I wrote a very locked down python "expression evaluator" library ( https://github.com/danthedeckie/simpleeval ) which uses code inspection and is reasonably safe (caveats listed in the README).
Any comments or loopholes found would be appreciated...
> If you find yourself inspecting code to decide if it is safe, you are fighting a losing battle... I'd love to hear of any success stories here though!
NaCL, seL4 and the original proof-carrying code examples of packet filter are inspecting code, but on a very rigorous level.
NaCL is a good example that shows how inspecting code is not actually the mistake that was made by the Python sandbox that was attacked in the article. The mistake was that the inspection was based on a blacklist rather than a whitelist.
Sandboxing based on blacklists is a recipe for disaster, and it's an unfortunate accident of history that the default Python implementation (CPython) makes whitelisting practically impossible. Luckily, there are alternatives as others in the thread have pointed out.
Yup. I remember working on q game engine many years ago and we wanted to use python as a scripting language and found the trail of broken dreams that is the various attempts to sandbox Python.
Just use Lua if you need a sandboxed dynamically-typed environment.
Of course, you make all kinds of sacrifices using ZeroVM. Nevertheless, it's pretty robust and lightweight.
I managed to get Python-on-ZeroVM running on Docker (ie, LXC) which gave me a pretty decently safe platform for running arbitrary code. It's atrophied since it was working, but I think it had some real potential.
#2 alone - running items in an LXC jail without root access is far - is quite secure (and what we relied on at PiCloud to set up our python sandboxes).
If you still insist on trying to build safe-code inspectors, be very skeptical of what your protection is capable of. For instance, why even bother blocking static strings? Such trivially-breakable "security" being placed in your code only serves to distract you and give false confidence.
As a rule, an LXC jail is definitely very much better than code-inspection, but it is worth taking the time reading up on some of the rather specific configuration needed to tighten up LXC/namespaces.

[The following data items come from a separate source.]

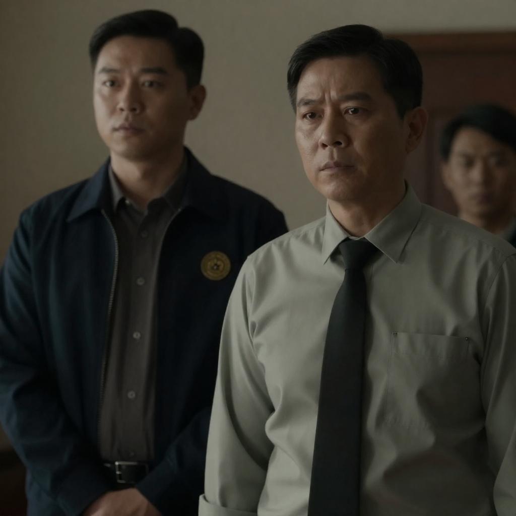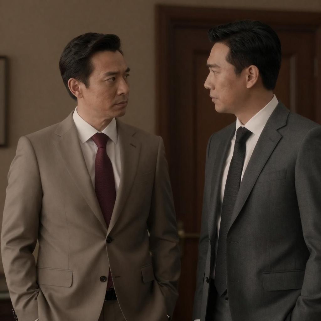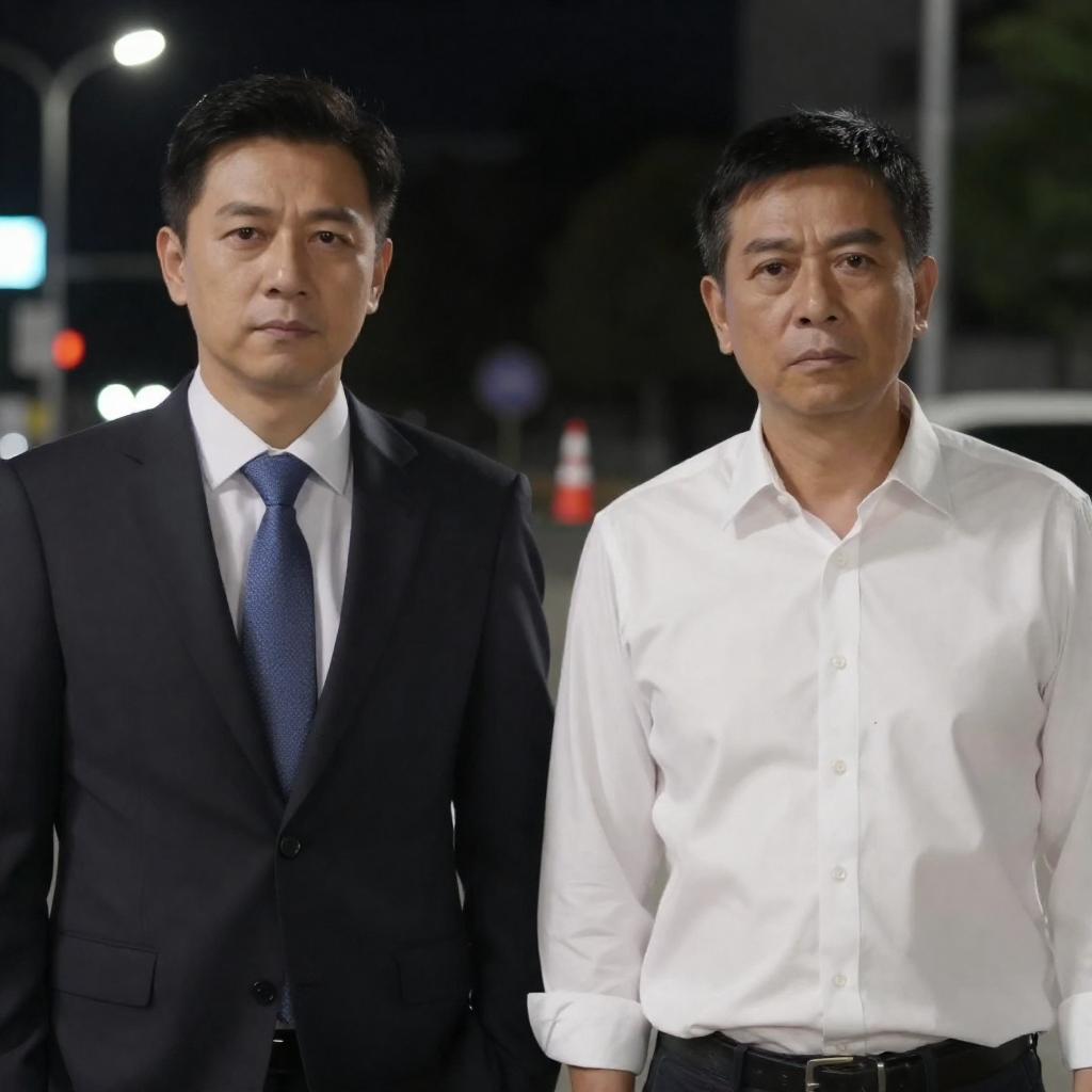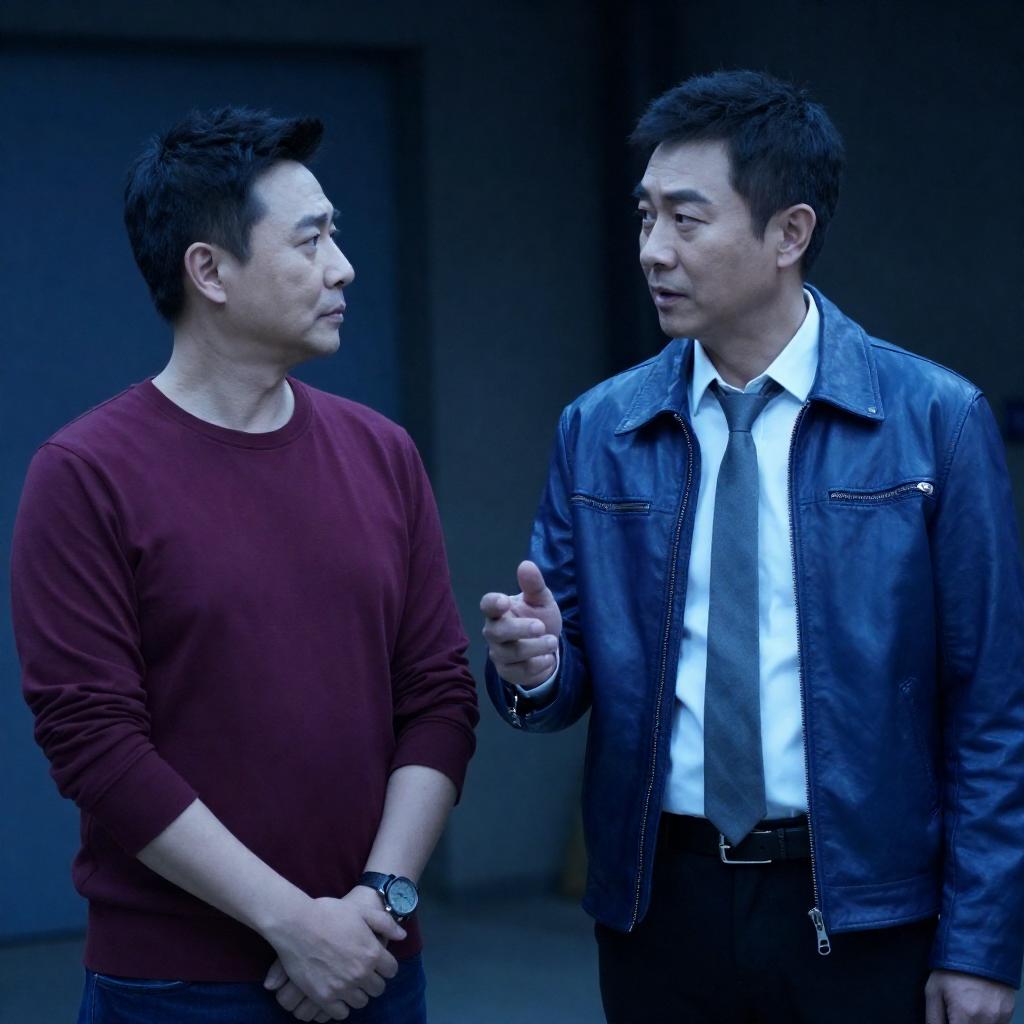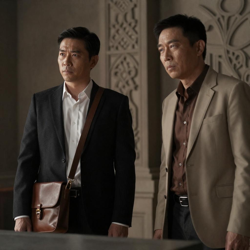 Photograph of two men walking side by side in a dimly lit, industrial-style hallway. The man on the left wears a black suit with a white shirt, while the man on the right wears a dark leather jacket over a black shirt. Both have serious expressions and short dark hair. A window with blue-tinted glass is in the background.
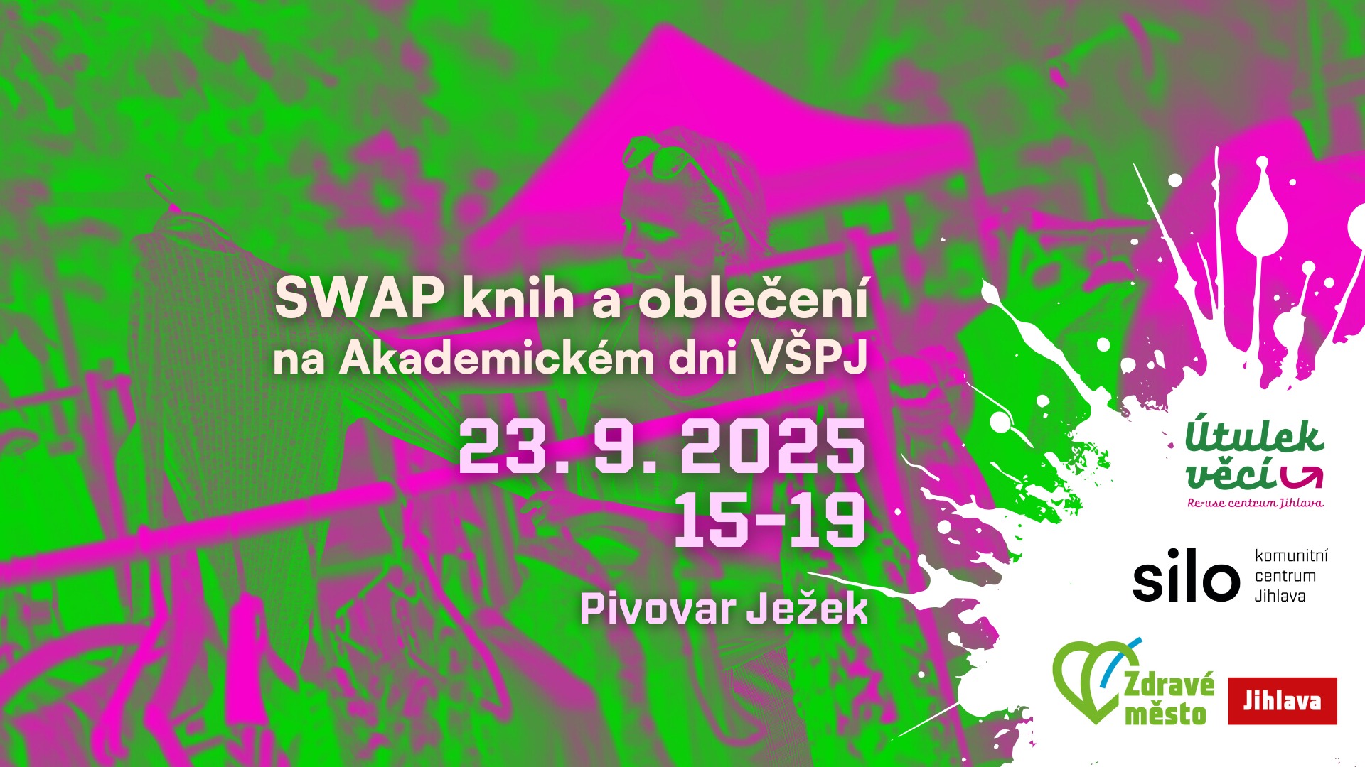 Na Akademickém dni VŠPJ se opět potkáme a něco vyswapujeme! Vyměňte u nás své nepoužívané oblečení a knihy a odneste si, co potřebujete.
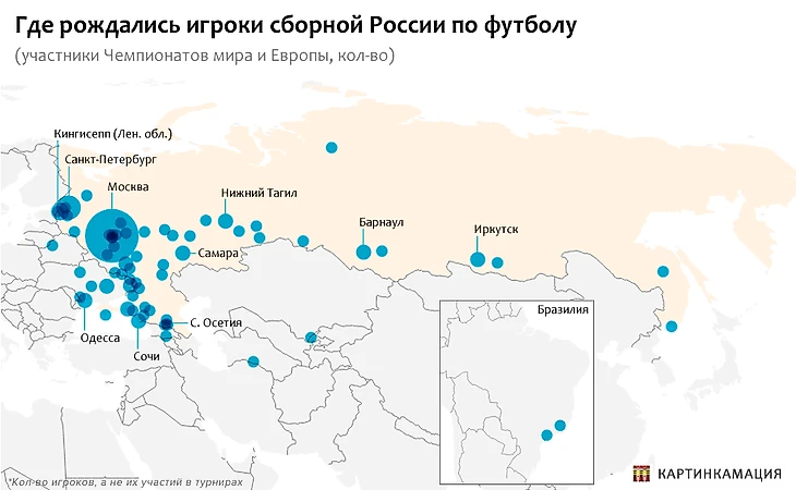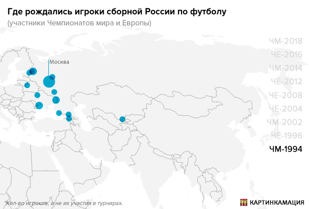 Предсказуемо центр экспорта игроков в сборную России — Москва и Подмосковье. Москвичей по рождению на ЧМ и ЧЕ ездило 33 человека. Санкт-Петербург по этому показателю занимает второе место — 6 футболистов (плюс один из Ломоносова, который формально входит в Санкт-Петербург).

Docker (previously DotCloud) obviously has a lot riding on this, so they are taking secure-by-default configuration pretty seriously. [0]
I'm wondering if it's possible to get a simpler/better attempt at sandboxing by just inspecting the generated bytecode, instead of focusing on the .py text file..
There's an in-between step, the "AST" (Abstract Syntax Tree), which is a better place to do this stuff than in the actual byte code. You still have context and a lot more useful information at that point, and can re-write the AST to use workarounds, etc.
Generally speaking it's the data associated with the calls that is risky, not the bytecode itself.
The way the JVM works is by having specific permission checks at points within the code, and they are enforced by the JVM. I think the CLR works in a similar fashion.
You can run Python on top of the JVM and take advantage of this, but I think the version of Python (JYthon) is pretty old.
Very interesting read, I did something similar[1] on a Microsoft site. I didn't think of creating a code object from scratch though, great idea.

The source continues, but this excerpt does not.